Poche ma memorabili le comparsate dell’uomo primitivo alla televisione o sul grande schermo. Poche per la difficoltà di costruire una trama avvincente senza poter attingere alle possibilità espressive del dialogo

Poche ma memorabili le comparsate dell’uomo primitivo alla televisione o sul grande schermo. Poche per la difficoltà di costruire una trama avvincente senza poter attingere alle possibilità espressive del dialogo. Memorabili perché ogni uomo primitivo che ha calcato le scene ha lasciato un’impronta nell’immaginario filmico contemporaneo. Era il 1968 quando di fronte alle platee attonite di tutto il mondo, Stanley Kubrick decideva di portare sullo schermo una saga preistorica come introduzione a uno dei suoi più grandi capolavori: ”2001 Odissea nello Spazio”. Kubrick riuscì a rappresentare filmicamente il momento in cui l’uomo delle caverne scoprì l’autocoscienza, gettando il sasso nello stagno dell’evoluzione culturale e tecnologica. Una sequenza indimenticabile sottolineata dalle note di ”Così parlò Zarathustra” di R. Strauss. Coraggioso, anche se per cinefili, il tentativo di Jean-Jacques Annaud di descrivere cinematograficamente, con ’La guerra del fuoco” (1980), la vita quotidiana di ominidi dell’età della pietra: un insuperato tentativo di mescolare narrazione cinematografica e attendibilità scientifica.

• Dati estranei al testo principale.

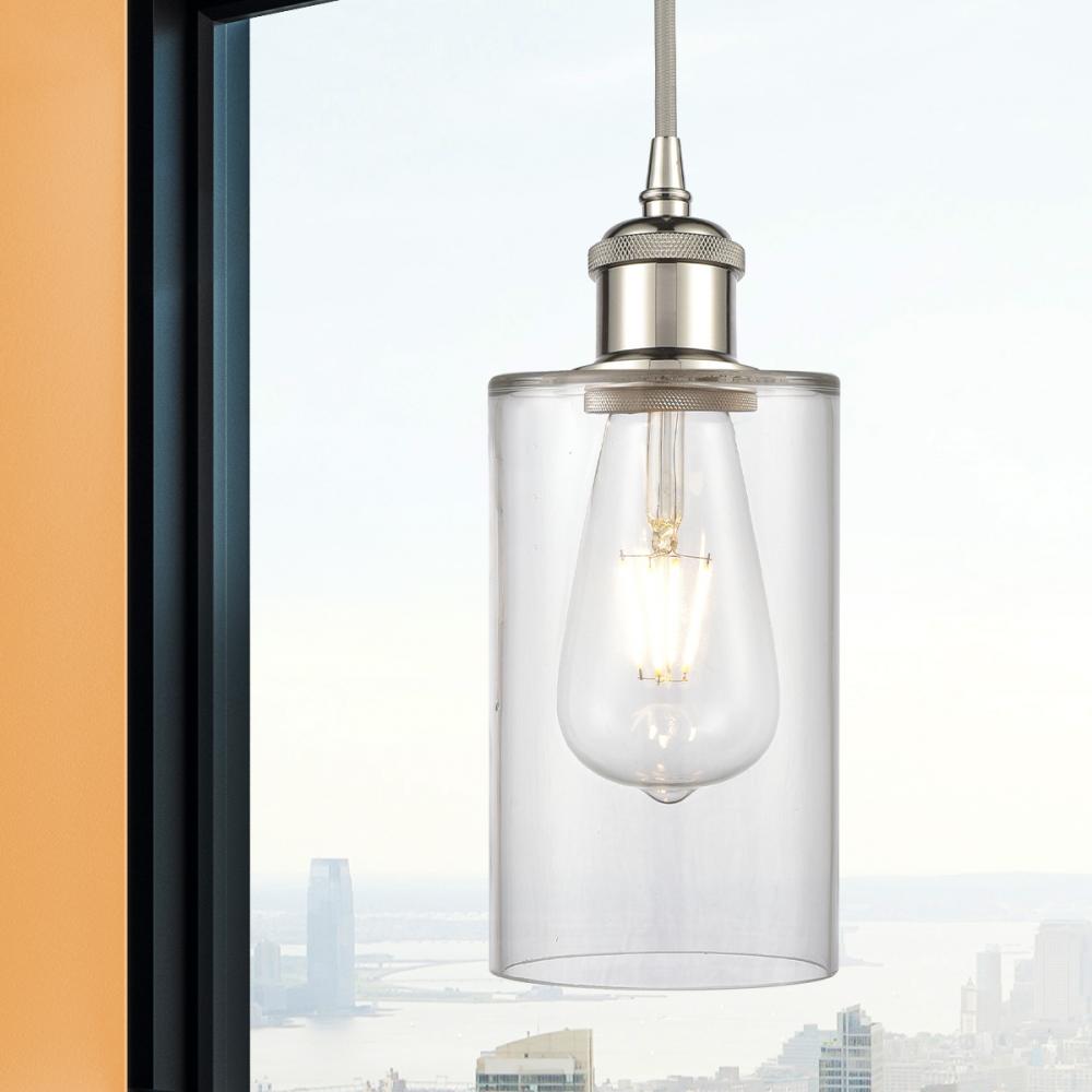 Clymer - 1 Light - 4 inch - Polished Nickel - Clear Shade - Cord hung - Mini Pendant

Campioni di disimpegno e di incassi, invece, i due film della serie ”Flintstones”, tratti dall’omonimo cartoon noto in Italia come ”Gli antenati”. Sul grande schermo le avventure di Fred e Wilma Flintstone, con gli inseparabili amici Barney e Betty, hanno sbancato i botteghini, sia nel primo episodio (’I Flintstones”, del 1994) sia nel secondo (’Viva Rock Vegas” del 2000). Ma anche la serie cartoon per la tv non fu da meno. Dal 1960 al 1966 le creature del cartoonist Dan Gordon intrattennero milioni di persone, sia in Usa che in Europa, con una vera e propria sit-com animata, ambientata nell’età della pietra.